The Financial Industry Regulatory Authority (FINRA) announced yesterday a $950,000 fine against New York-based broker-dealer Aegis Capital, Corp., for the improper sale of billions of shares in unregistered penny stocks. The firm was also accused of failure to supervise anti-money laundering procedures for the scheme, which helped seven customers illegally offload five unregistered microcap stocks.
According to a complaint filed against Aegis last year, Aegis liquidated nearly 4 billion shares of penny stocks that were not exempt from mandated SEC requirements from April 2009 to June of 2011. The plot to sell these stocks allegedly netted $24.5 million in profits for the seven customers and $1.1 million in commissions for the firm.

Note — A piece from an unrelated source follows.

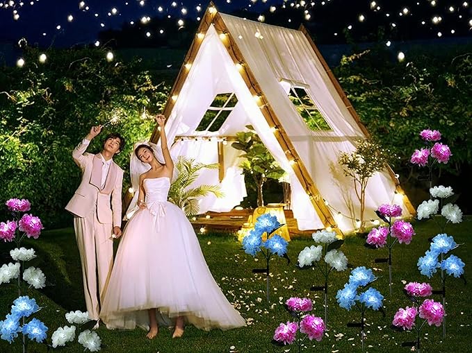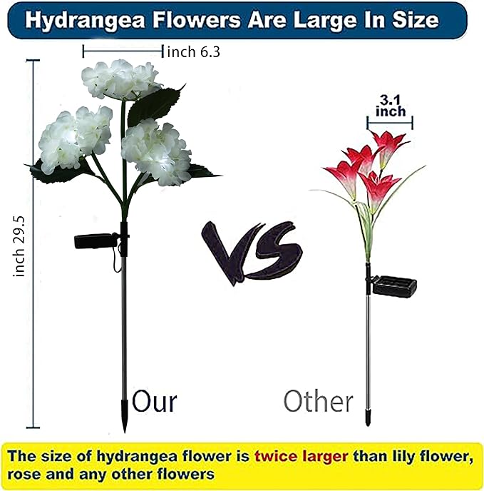 RAYLIDA Solar Lights Outdoor Decorative - 3 Pack Hydrangea Solar Garden Stake Lights, Multicolor, 10"L x 10"W x 27.5"H

According to FINRA, Aegis supervisors ignored several red flags associated with the selling of these penny stocks during this time. The broker who referred the seven customers in question to Aegis, known only as ML, is barred from the industry for abetting securities fraud. The regulatory authority alleges that despite this, ML was still able to control activity in several of the accounts holding the penny stocks.
In addition, two compliance officers at the time of the sales were fined. Charles D. Smulevitz, now registered with Laidlow & Company, agreed to a suspension from serving as a supervisory principal for 30 days and received a $5,000 fine. Kevin C. McKenna is still with the firm but no longer holds a compliance position. He agreed to a $10,000 fine and a 60-day suspension from a supervisory role.
In a separate action also released on Monday, Aegis President and CEO Robert Eide was suspended for 15 days and fined $15,000 for failing to disclose more than $640,000 in outstanding liens on his uniform application for securities industry registration.
These latest violations are not the first for Aegis, a firm with 415 registered representatives at 20 branch locations nationwide. The broker-dealer has 20 disclosures on its FINRA BrokerCheck report and has a documented history of failing to execute customer orders and failing to implement written supervisory procedures.